What happens if you are no longer able to make decisions for yourself?
Powers of Attorney are important legal documents that ensure that someone you trust is authorised to make decisions on your behalf in case a serious illness or accident means that you cannot make decisions for yourself.
Despite the name, the person you appoint doesn't have to be an attorney! You can appoint anyone you trust.
Together with a Will, these important legal documents help ensure you are prepared for the future (whatever it might bring) and protect yourself and your family.

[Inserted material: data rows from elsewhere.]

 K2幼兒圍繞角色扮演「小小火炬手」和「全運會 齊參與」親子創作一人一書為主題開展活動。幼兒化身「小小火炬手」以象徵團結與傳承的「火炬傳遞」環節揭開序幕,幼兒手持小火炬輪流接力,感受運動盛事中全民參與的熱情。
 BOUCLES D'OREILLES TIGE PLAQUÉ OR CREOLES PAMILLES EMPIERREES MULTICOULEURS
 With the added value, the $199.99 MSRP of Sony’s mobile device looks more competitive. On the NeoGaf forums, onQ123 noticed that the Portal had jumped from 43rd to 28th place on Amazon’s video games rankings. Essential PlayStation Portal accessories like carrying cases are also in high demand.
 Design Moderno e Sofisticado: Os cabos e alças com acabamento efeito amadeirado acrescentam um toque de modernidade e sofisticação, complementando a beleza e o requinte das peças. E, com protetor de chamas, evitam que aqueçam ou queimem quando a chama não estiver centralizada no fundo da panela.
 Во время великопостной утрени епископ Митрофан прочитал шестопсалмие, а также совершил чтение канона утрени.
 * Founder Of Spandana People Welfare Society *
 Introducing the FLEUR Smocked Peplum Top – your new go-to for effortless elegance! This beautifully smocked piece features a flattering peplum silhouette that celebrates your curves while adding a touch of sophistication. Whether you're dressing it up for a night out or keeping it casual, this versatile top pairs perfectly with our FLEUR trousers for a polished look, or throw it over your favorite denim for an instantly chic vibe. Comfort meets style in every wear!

It is a good idea to put in place Powers of Attorney as soon as you turn 18, so that someone you trust has the authority they need to make decisions for you, when they need it, and without having to go to Court to get it if the unthinkable happens.
How we help
Our experienced Wills and Estate Planning lawyers will create legally-binding Powers of Attorney for you. This is a very straightforward process and we have helped hundreds of clients to set these up, typically at the same time as preparing your Will. There are two main types to create:
Enduring Powers of Attorney
This legal document appoints someone to make personal and financial decisions on issues like where you should live if you can no longer live at home, what happens to your house and to manage your finances for as long as you are unable to make decisions for yourself. This person can't make medical decisions for you unless they have also been appointed as your medical decision maker.
You need to be 18 or older and in sound mind to make a Power of Attorneyand can only set up a Power of Attorney for yourself (not for anyone else). That's why it's important to have this document in place early and while you are capable.

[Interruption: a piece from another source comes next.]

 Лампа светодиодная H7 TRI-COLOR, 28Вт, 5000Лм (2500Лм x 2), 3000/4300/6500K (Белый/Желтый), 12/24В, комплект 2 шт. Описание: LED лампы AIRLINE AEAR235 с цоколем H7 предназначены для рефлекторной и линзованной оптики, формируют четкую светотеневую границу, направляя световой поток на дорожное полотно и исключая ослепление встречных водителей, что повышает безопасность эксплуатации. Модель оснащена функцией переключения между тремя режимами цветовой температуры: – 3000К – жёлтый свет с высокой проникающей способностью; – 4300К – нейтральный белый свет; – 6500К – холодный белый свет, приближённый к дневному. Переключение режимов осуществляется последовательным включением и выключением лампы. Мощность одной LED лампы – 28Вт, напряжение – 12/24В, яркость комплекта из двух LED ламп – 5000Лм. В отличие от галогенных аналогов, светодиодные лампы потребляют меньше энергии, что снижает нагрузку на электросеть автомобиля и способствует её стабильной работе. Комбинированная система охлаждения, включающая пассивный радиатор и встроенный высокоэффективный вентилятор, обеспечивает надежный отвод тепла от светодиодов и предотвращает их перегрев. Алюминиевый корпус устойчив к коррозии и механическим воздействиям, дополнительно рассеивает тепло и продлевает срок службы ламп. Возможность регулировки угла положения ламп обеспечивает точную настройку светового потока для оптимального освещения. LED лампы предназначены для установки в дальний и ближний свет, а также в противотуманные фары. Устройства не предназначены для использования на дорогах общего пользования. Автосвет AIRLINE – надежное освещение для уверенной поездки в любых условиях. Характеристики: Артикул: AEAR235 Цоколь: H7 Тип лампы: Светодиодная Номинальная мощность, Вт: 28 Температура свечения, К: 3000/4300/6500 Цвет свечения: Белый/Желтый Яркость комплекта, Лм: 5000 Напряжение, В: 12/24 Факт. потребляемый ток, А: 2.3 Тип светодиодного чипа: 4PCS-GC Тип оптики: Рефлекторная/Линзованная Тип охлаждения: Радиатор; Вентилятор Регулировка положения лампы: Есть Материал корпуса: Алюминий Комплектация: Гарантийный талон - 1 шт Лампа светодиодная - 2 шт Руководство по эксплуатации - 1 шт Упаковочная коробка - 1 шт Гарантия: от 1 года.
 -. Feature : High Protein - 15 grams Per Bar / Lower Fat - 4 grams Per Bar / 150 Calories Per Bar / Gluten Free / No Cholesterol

If you don't have an Enduring Power of Attorney, the Victorian Civil and Administrative Tribunal (VCAT) can appoint someone with the legal authority to make decisions on your behalf.
Medical Treatment Decision Maker (Medical Power of Attorney)
This legal document appoints someone to make medical decisions on your behalf. Their job is to make decisions about your treatment that you would have made if you were capable. It is important that this person understands your personal values and preferences for medical treatment and will follow them in times of great stress.
Download our Guide to Wills, Powers of Attorney and Estate Planning for more helpful information!
1. Meet with us
We start this process by organising a meeting with one of the lawyers from our Wills and Estate Planning team. If you have a partner, it is a good idea for both of you to attend this meeting so we can prepare your Wills and Powers Of Attorney at the same time (if you haven't already got a Will).
This meeting is all about getting to know you and your personal situation. We'll gather information about your partner, children and family. We will talk about who you would want to look after your children and plan for a variety of future scenarios. We also talk about who you want to make personal, financial and medical decisions on your behalf if you are incapable of making them due to illness or accident.
This first meeting will cost $390 (including GST) and takes about an hour.
2. Prepare a cost estimate
Based on the discussions about your personal situation and information gathered at our first meeting, we will then prepare a cost estimate which clearly explains the cost of preparing your Powers of Attorney and Will (if required).
3. Prepare documents
If you are happy to proceed, we will then create your Powers of Attorney and Will (if necessary), using the information discussed in the first meeting.
4. Signing meeting
We then organise a final meeting, where you sign your Powers of Attorney (and Will if necessary). We will securely store these documents safely for you. We provide you with a copy of these important documents for your files. It is a good idea to also give a copy to the Executor of your Will and your appointed decision-maker(s).